Scientists from Harvard Medical School for first time have encoded a small movie clip in the DNA of living bacterial cells and then played it back.
They had used the CRISPR gene-editing technique to encode and retrieve reconstructed frames of a classic 1870s racehorse in motion sequence of photos into the genome of common gut bacteria E. coli.
Scientists have found out that despite the genetic modification, the bacteria thrived and multiplied. The film stored in the DNA of bacteria was also well preserved and was intact even in new generation of bacteria.
How DNA store information?
The information in the DNA is stored in strings i.e. in the form four-letter DNA code. It is basically sequences of four building blocks (nuclear strands) abbreviated as A (Adenine), C (Cytosine), T (Thymine) and G (Guanine) found in DNA molecule. Specific sequences of these blocks give the body directions for creating particular proteins.
Basically digital devices store information in binary format (1s and 0s) i.e. in a two-letter code that produces strings of 1s and 0s. For ex. capital ‘A’ stored as 01000001 in binary format. In case of converting and storing digital information in DNA involves translating between the two sequences or codes of four building blocks. For ex. capital ‘A’ converted and stored as AATATG.
The DNA digital data storage technology uses artificial DNA made using oligonucleotide synthesis machines for storage and DNA sequencing machines for retrieval of stored data. Using this technology strings of DNA can be custom-made that can carry the new code, and store information that code contains.

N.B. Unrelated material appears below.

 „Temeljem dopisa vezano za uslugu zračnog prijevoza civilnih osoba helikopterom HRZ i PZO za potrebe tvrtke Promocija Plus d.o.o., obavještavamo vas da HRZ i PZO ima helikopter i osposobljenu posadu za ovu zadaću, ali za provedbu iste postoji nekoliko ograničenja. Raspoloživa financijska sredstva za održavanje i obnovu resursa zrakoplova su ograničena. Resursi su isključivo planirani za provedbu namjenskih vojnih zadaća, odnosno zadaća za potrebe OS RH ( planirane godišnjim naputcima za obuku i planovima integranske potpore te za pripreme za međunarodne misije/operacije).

DNA digital data storage technology has very long durability i.e. scientists can store digital information in DNA sequences for thousands of years. Information stored in DNA consumes very little space. However, making this technology practical and much cheaper using current technology is hugely expensive.

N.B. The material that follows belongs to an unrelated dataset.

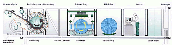 Rundballenpresse zur Ballierung von Müll, Mais und Zuckerschnitzel. |

CRISPR gene-editing technique
CRISPR is short form of clustered regularly interspaced short palindromic repeats. It allows to selectively edit genome parts and replace them with new DNA stretches. Cas9 is an enzyme that can edit DNA, allowing the alteration of genetic patterns by genome modification. CRISPR is a collection of DNA sequences that direct Cas9 where to cut and paste. CRISPR-Cas9 technology has the potential to revolutionise the treatment of blood diseases, tumours and other genetic diseases.